Density at a Point

The average density, \(\rho_{\text{avg}}\), of an element with mass \(\Delta m\) and volume \(\Delta V\) is given by: \[ \rho_{\text{avg}}=\frac{\Delta m}{\Delta V} \] If we shrink this element around a point such that its volume approaches zero (\(\Delta V\to 0\)), the average density converges to a limiting value. This limit is called as the density at a point, \(\rho\). Thus, the mass density at any interior point is given by: \[ \rho=\frac{dm}{dV}. \]

Classification of Forces: External and Internal Forces

There are two types of forces:

• external forces which act on a body from the outside
• internal forces which act between two parts of the body.

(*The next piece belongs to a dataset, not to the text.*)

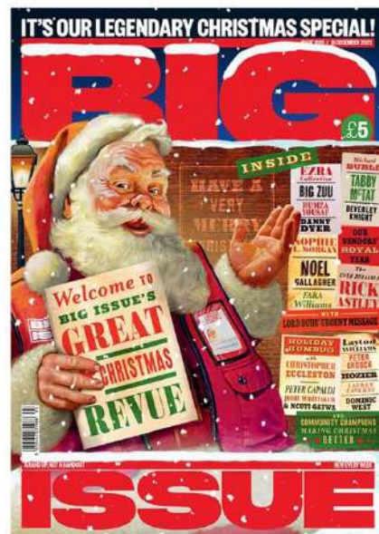
Big Issue 2024 Xmas Special double page feature on progress of our recruits since launch.

This distinction, however, depends on your point of view. A powerful technique involves conceptually “cutting” a section out of an object. When you isolate this piece, known as a free body, the internal forces that were acting at the “cut” now become external forces that you can analyze.

Body and Surface Forces

External forces are

• body forces. They act on all elements of volume of a body. Examples include gravity, magnetic forces, and inertia forces (they are fictitious forces). The body forces are “action at a distance” forces. If \(\mathbf{b}\) is the body force per unit mass, then the force that every element of unit volume experiences is \(\rho \mathbf{b}\). For example, if the z-axis is perpendicular to Earth, then \(\mathbf{b}=g\,\hat{\mathbf{k}}\), where \(g\) is the gravitational acceleration. Two other common body forces are centrifugal forces due to high-speed rotation and forces due to temperature differential over the body (thermal stress).
• surface forces. They are contact forces acting on a body at its bounding surface.